The defendant, Everett Sherman (defendant), appeals from an order granting a motion for a new trial. The facts are essentially uncontested. On the afternoon of January 31, 1996, defendant’s vehicle collided with a vehicle driven by plaintiff, Joanne Woodstock (plaintiff), at the intersection of Sailor Way and Plainfield Pike in Cranston. The roads were slippery at the time because it had been snowing for about thirty minutes to an hour before the accident. As plaintiff approached the intersection, her vehicle slid about five to ten feet before stopping at the red light. While plaintiff was waiting for the light to change, defendant’s vehicle, traveling fifteen miles per hour, also slid after he applied his brakes, and it rear-ended plaintiffs automobile. At the time, defendant had been driving with a suspended license.

A two-day Superior Court jury trial began on February 28, 2000. The only issue at trial was whether defendant was negligent and caused the collision. Both plaintiff and defendant testified at the trial. At the conclusion of the trial, the jury deliberated for a short time and returned a verdict in favor of defendant. Subsequently, plaintiff filed a motion for a new trial, which the trial justice granted. The defendant timely appealed.

The defendant argues that the trial justice erred by considering evidence not contained in the record when he granted the motion for a new trial in favor of plaintiff. We agree.

It is well settled that the trial justice, in considering a motion for a new trial, functions as a “superjuror.” English v. Green, 787 A.2d 1146, 1149 (R.I.2001) (quoting Long v. Atlantic PBS, Inc., 681 A.2d 249, 254 (R.I.1996)). The trial justice’s determination will not be disturbed if he “reviews the evidence, comments on the weight of the evidence and the credibility of the witnesses, and exercises his * * * independent judgment” unless the trial justice “overlooked or misconceived material and relevant evidence or was otherwise clearly wrong.” Id. (quoting Kurczy v. St. Joseph Veterans Association, Inc., 713 A.2d 766, 770 (R.I.1998)).

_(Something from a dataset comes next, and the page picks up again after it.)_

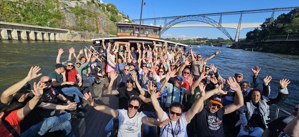 Jogo de tirar o fôlego (tal era o estado do dobrado e esburacado tubo…) que, logo ali, podia ser reposto respirando uns minutos enquanto se bebia uma água ou sumos, acompanhados por uns deliciosos pastéis de feijão, antes mesmo de sentir na pele, literalmente, os ventos que ajudavam os rabelos a vencer a distância desde a Régua, de onde partiam carregados de pipas de vinho. E assim, num barco que desses tempos guardou a inspiração estética, viveu-se um dos pontos altos deste primeiro dia do Moto Rali do MCP: uma viagem pelo Douro, permitindo apreciar o Porto de um ângulo único, que só o rio oferece. Os reflexos da policromia da zona ribeirinha refletida nas águas, a vista das pontes que marcam o perfil da cidade e evocam histórias centenárias de crescimento e desenvolvimento, ou o charme das caves de vinho revelam uma beleza autêntica que torna estes momentos verdadeiramente inesquecíveis. Como inesquecível será o ‘sunset’ que, sem estar no programa, reuniu os participantes de forma espontânea num local quase secreto, longe da confusão de um dos mais concorridos sítios da região na hora em que o sol baixa do horizonte atlântico, deixando a cidade banhada em cores únicas, reflexos de um calor humano sem paralelo.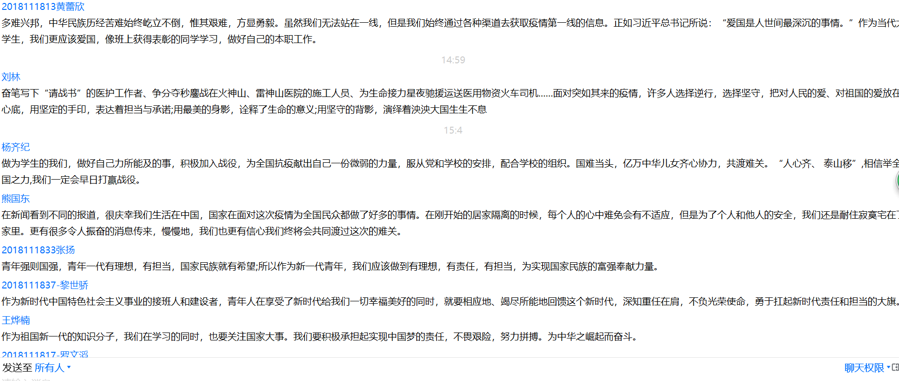 接着按照流程分别进行典型学习,参与“青春告白祖国”等活动。最后,同学们就本次疫情下的中国展开了热烈的讨论。

In the instant case, the trial justice properly reviewed the credibility of the witnesses, finding both to be “credible.” The trial justice also considered the evidence presented, noting that while defendant was driving with a suspended license, it was “not controlling.” Finally, the trial justice stated that defendant did not over*452come his burden to rebut “the prima facie presumption of negligence when a rear-end collision occurs,” thus “justice was not done [in this case]” and a new trial was warranted.

However, the trial justice committed reversible error by mistakenly relying upon facts that were not in evidence. Specifically, the trial justice twice stated that the defendant saw the plaintiff slide before coming to a stop at the intersection even though neither the defendant nor the plaintiff testified to that fact at trial.

Accordingly, the defendant’s appeal is sustained. The judgment of the Superior Court is vacated. The case is remanded with our direction that judgment be entered for the defendant.